Economic Challenges In Pakistan: A Comparative Analysis of Political Regimes and Policy Implications
DOI:
https://doi.org/10.63468/sshrr.047Keywords:
Unemployment, Inflation, Economic Collapse, Pakistan current situation, Thematic AnalysisAbstract
Pakistan's economy has faced continuous challenges due to political instability, governance failures and external shocks. This study does a comparative analysis of economic performance under various political rule (PTI: 2018–2022; PDM: 2022-present; and historical PML-N/PPP governments) to identify systemic weaknesses and policy effects. Using mixed-method research (quantitative economy and qualitative governance analysis), we test five hypotheses: H₀ (PTI responsibility), h₁ (PDM accountability), h3 (external factor), h4 (structural governance failures), and h₅ (political instability). Results suggest that Stark contradiction: PTI received an current account surplus ($ 959m in 2021), record remittance ($ 32B), and GDP growth (5.8% in 2022), while inflation in PDM's tenure saw an increase of 43%, which increases $ 7B (2023), and industrial contraception. The regression analysis confirms the quality of governance (β = 0.81, p <0.001) and political instability (Granger causes: p <0.05) as primary drivers of the crisis. 2022 floods ($ 45B loss) and Covid-19 increased the decline, but deepening the upheaval by policy discrepancies (eg, IMF under PDM). Major findings include: coalition governments (PDMs) by reducing single-party regime (PTI) due to conflicting policies. Corruption (Transparency International Score: 140/180) and debt accumulation ($ $ 92B) are structural obstacles. Public mistrust in PDM (64% rejection, Galp 2022) is correlated with economic decline. We recommend: to ensure institutional reforms to curb corruption and continuity of policy, energy field overhaul to address $ 247m annual deficit, and a cross-party economic charter to stabilize the regime.

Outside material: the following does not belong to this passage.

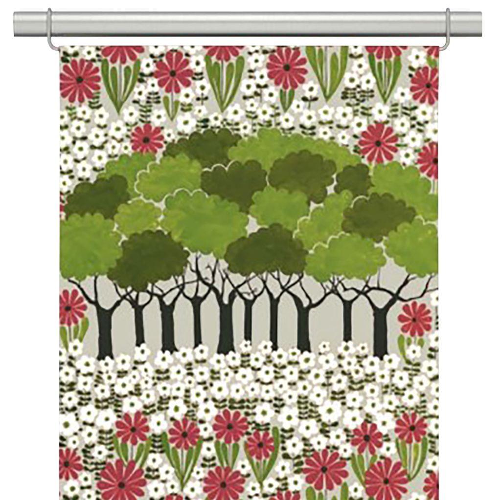 Snygga motivet Allé med mönster av gröna träd och blommor i retro stil och färg. Allé ifrån Arvidssons textil. Ofållad nederkant med overlocksöm.

This study underlines that Pakistan's crisis has arisen for decades of rule, worsened by recent regime incompetence, necessitating systemic, not partisan, solutions
Downloads
Published
Issue
Section
License
Copyright (c) 2025 Muhammad Ali, Irfan Hussain Khan, Abdoulrahman Aljounaidi, Mohammad Shahidul Islam, Al-Harath Ateik

This work is licensed under a Creative Commons Attribution-NonCommercial-NoDerivatives 4.0 International License.